# [Dataset records]
============
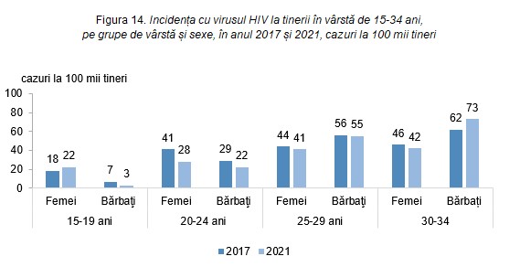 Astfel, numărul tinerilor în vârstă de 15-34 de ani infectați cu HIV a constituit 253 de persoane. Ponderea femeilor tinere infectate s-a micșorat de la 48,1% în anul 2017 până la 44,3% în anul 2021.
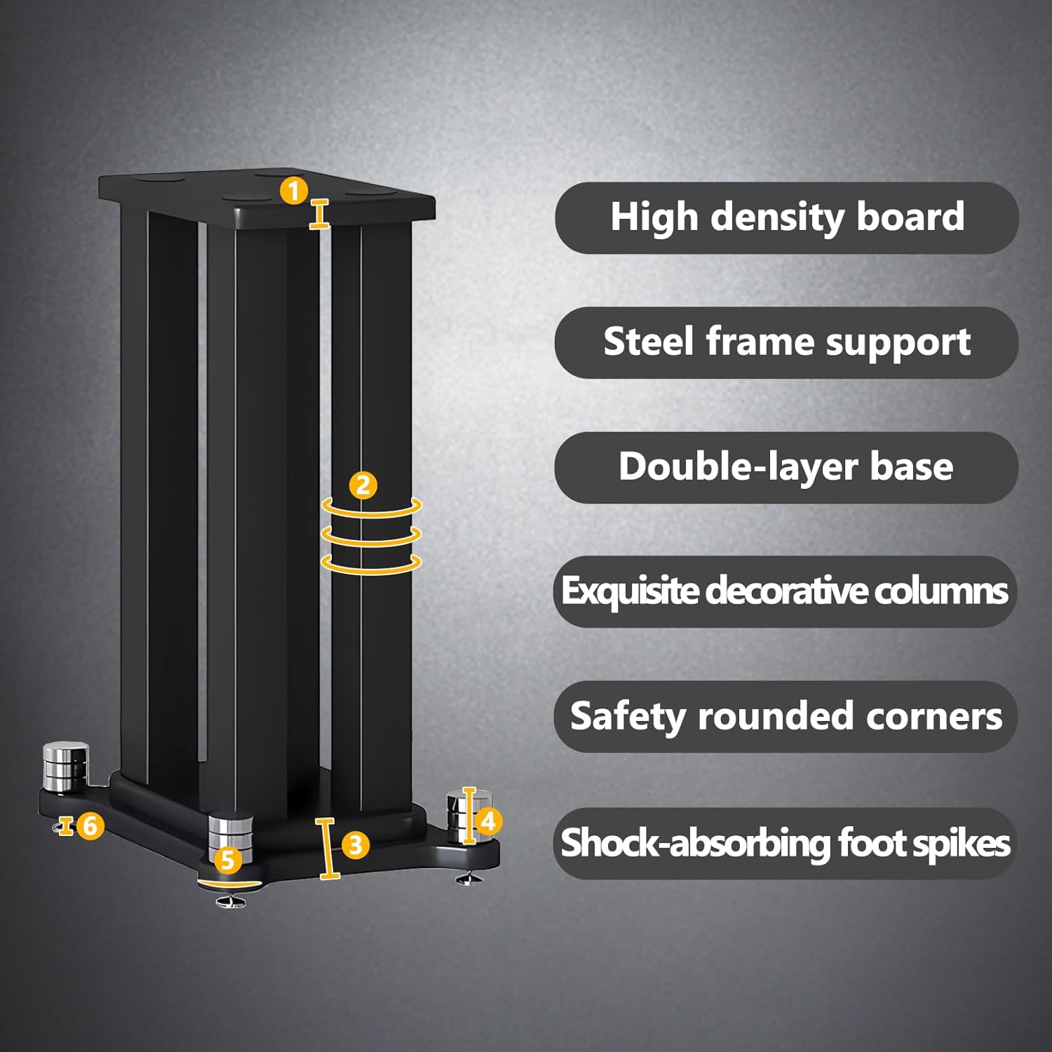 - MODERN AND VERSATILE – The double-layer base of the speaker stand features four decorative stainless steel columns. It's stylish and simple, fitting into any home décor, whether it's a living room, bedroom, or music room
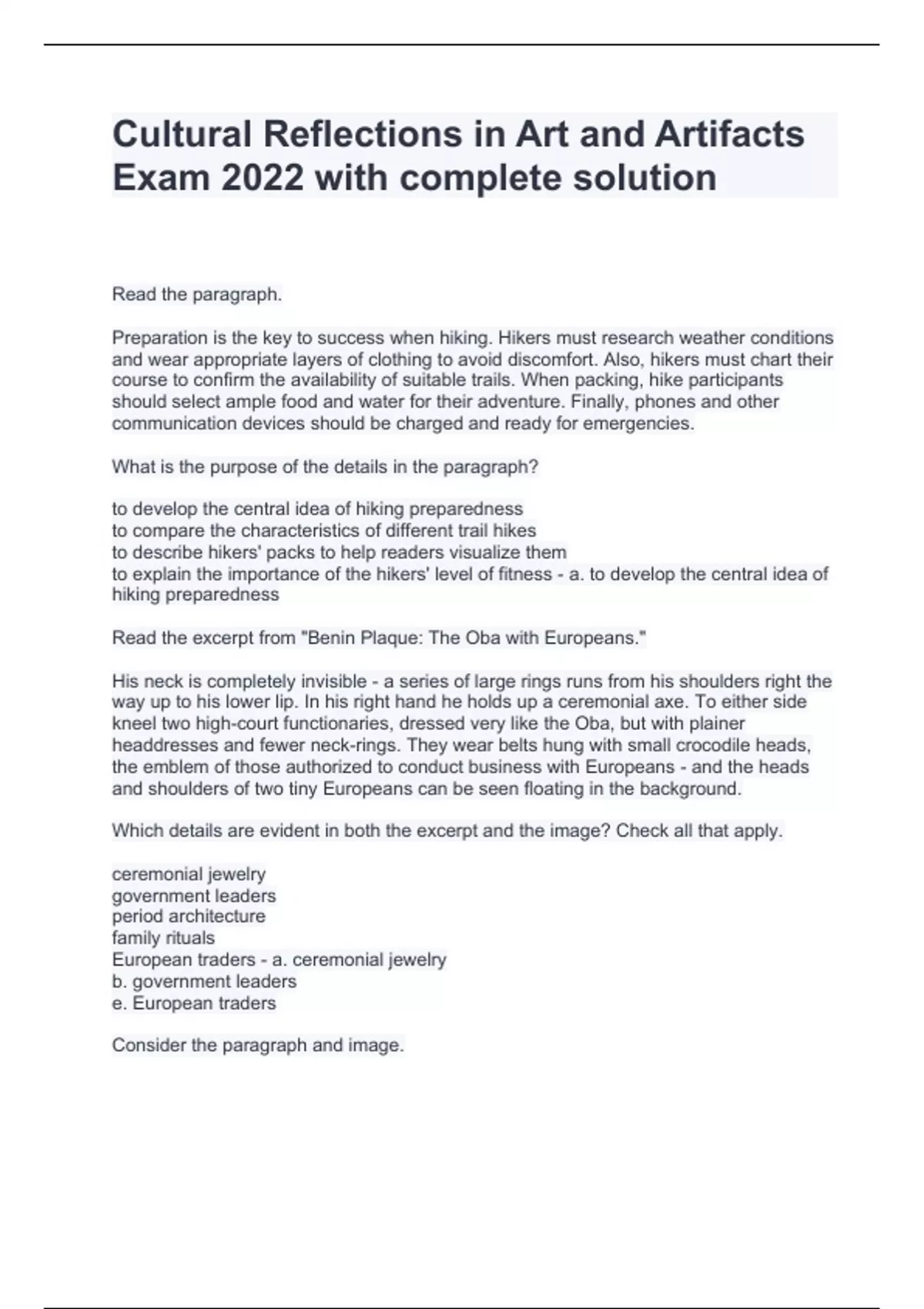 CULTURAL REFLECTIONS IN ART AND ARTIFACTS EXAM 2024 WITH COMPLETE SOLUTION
============
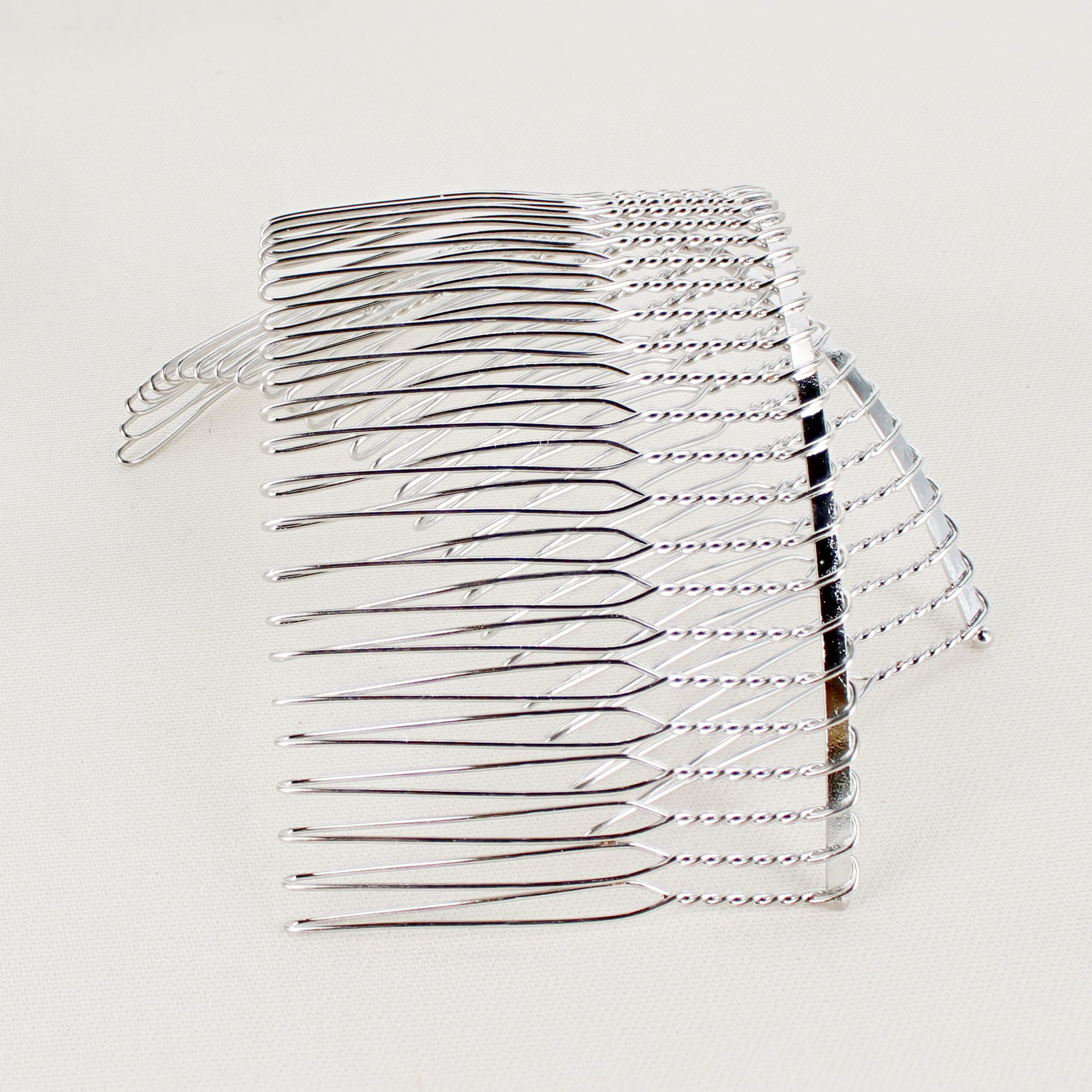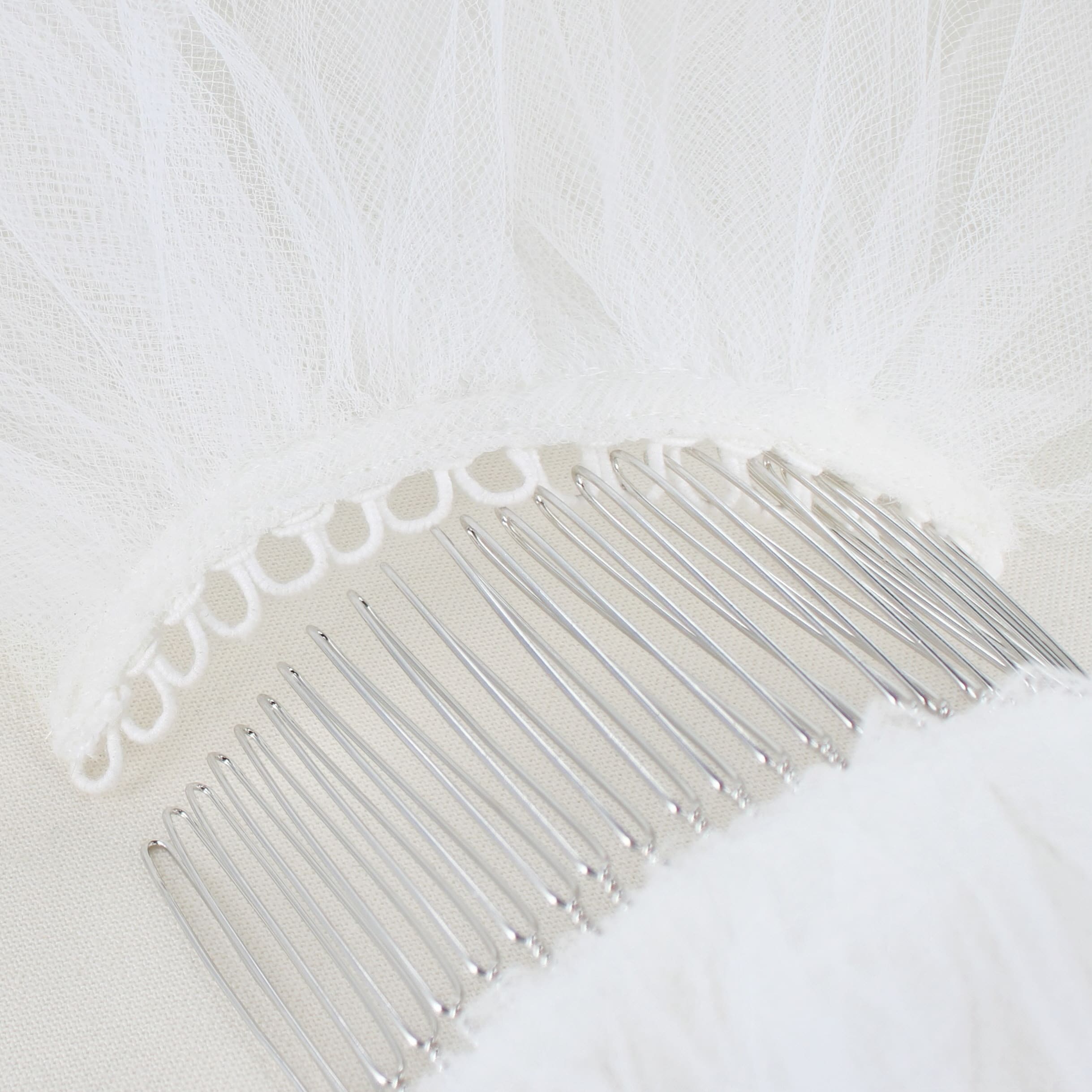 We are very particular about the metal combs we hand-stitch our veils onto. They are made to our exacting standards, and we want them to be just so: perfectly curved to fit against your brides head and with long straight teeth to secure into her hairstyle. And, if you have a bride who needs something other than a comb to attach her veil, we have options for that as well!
============
# [Activity]
With the pictures omitted, print the lines above exactly, beginning at the line with "- MODERN AND" and going on through the line with "CULTURAL REFLECTIONS IN".

# [Solution below]
 - MODERN AND VERSATILE – The double-layer base of the speaker stand features four decorative stainless steel columns. It's stylish and simple, fitting into any home décor, whether it's a living room, bedroom, or music room
 CULTURAL REFLECTIONS IN ART AND ARTIFACTS EXAM 2024 WITH COMPLETE SOLUTION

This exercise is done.